But by and large, we figured out that disk encryption had theory aspects of the stuff. We know how to generate random numbers reasonably securely on a computer; we know all the block cipher modes of operation that we should use for full disk encryption to get these sorts of nice security properties; we know how to derive keys from passwords securely. So, mission accomplished, right? We can all stand on an aircraft carrier (see left-hand image) and, you know… The answer is No, it’s not the whole story; there’s still a whole lot of cleanup that you need to do.

Even if you have absolutely perfect cryptography, even if you know it can’t be broken in any way, you still have to implement it on a real computer, where you don’t have these nice black box academic properties of your system. And so, you don’t attack the crypto when you’re trying to break someone’s full disk encryption. You either attack the computer and trick the user somehow or you attack the user and convince them to either give you the password or get it from them in some other means by a keylogger or whatever.

Limited liability of encryption software
Limited liability of encryption software

De facto use doesn’t really match up with the security models of the full disk encryption software. If you’re looking at full disk encryption software, they’re very much focused on the theoretic aspects of full disk encryption. Here’s a quote from the TrueCrypt web page, their actual documentation, that they do not secure data on your computer if someone has ever manipulated it or is manipulating it while it’s running. I wish I was making this up. Basically, their entire security model is like: “Oh, if it encrypts the disk correctly, if it decrypts the disk correctly – we’ve done our job.” (see image above)

Surprising answers to sensible questions
Surprising answers to sensible questions

This (see left-hand image) is an exchange between the TrueCrypt developers and another security researcher by the name Joanna Rutkowska, where she brought up this attack and tried to talk to them and see what their reaction was of feasibility. And so, this is what they said: “We never consider the feasibility of hardware attacks; we simply have to assume the worst.” And she asks: “Do you carry your laptop with you all the time?” They say: “…how the user ensures physical security is not our problem.” And she asks very correctly: “Why in the world should I need encryption then?”

So, ignoring feasibility of an attack – you can’t do that!
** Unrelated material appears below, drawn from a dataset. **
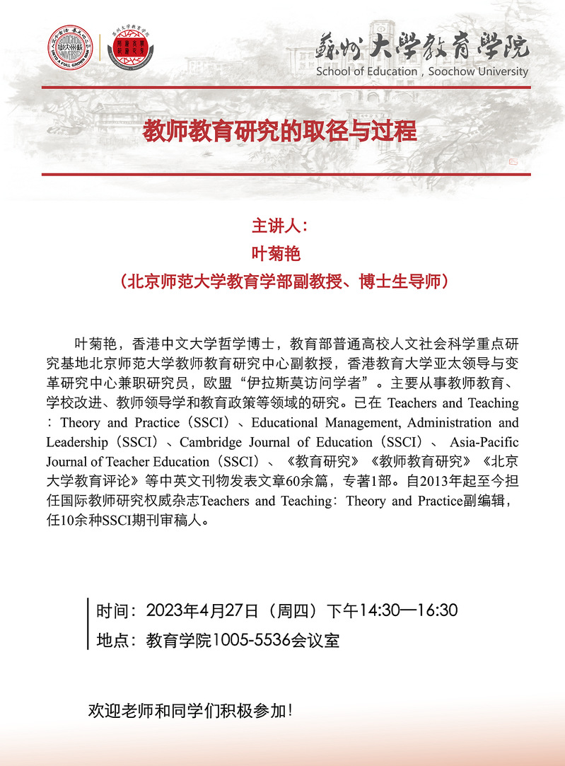 学术报告:教师教育研究的取径与过程[4.27]
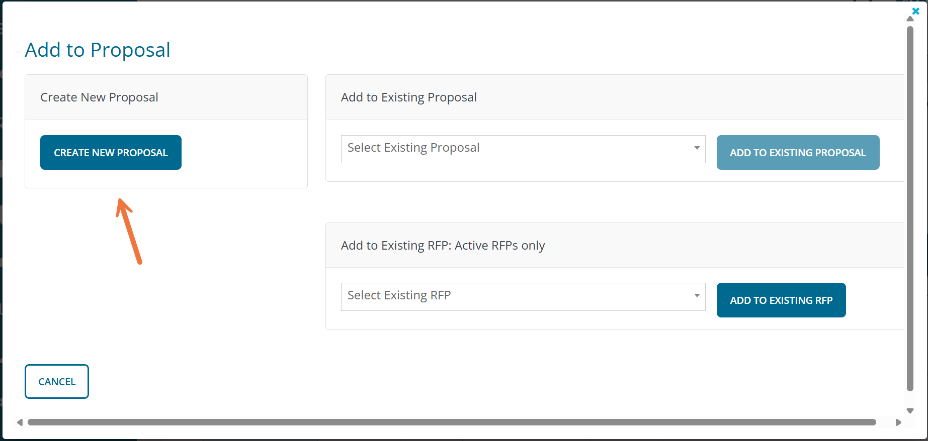 A pop up will appear. Click 'Create New Proposal'. This will add the selected inventory to your proposal.

We live in the real world where we have these systems that we have to deal with; we have to implement them; we have to use them. And there’s no way that you can compare a 10-minute attack that you conduct with just software, like a flash drive, to something where you need to pull apart the hardware and manipulate the system that way. And regardless of what they say, physical security and resistance to physical attack is in the scope of full disk encryption. It doesn’t matter what you disclaim in your security model. At the very least, if they don’t want to claim responsibility of that, they need to be very clear and unequivocal about how easily the stuff can be broken.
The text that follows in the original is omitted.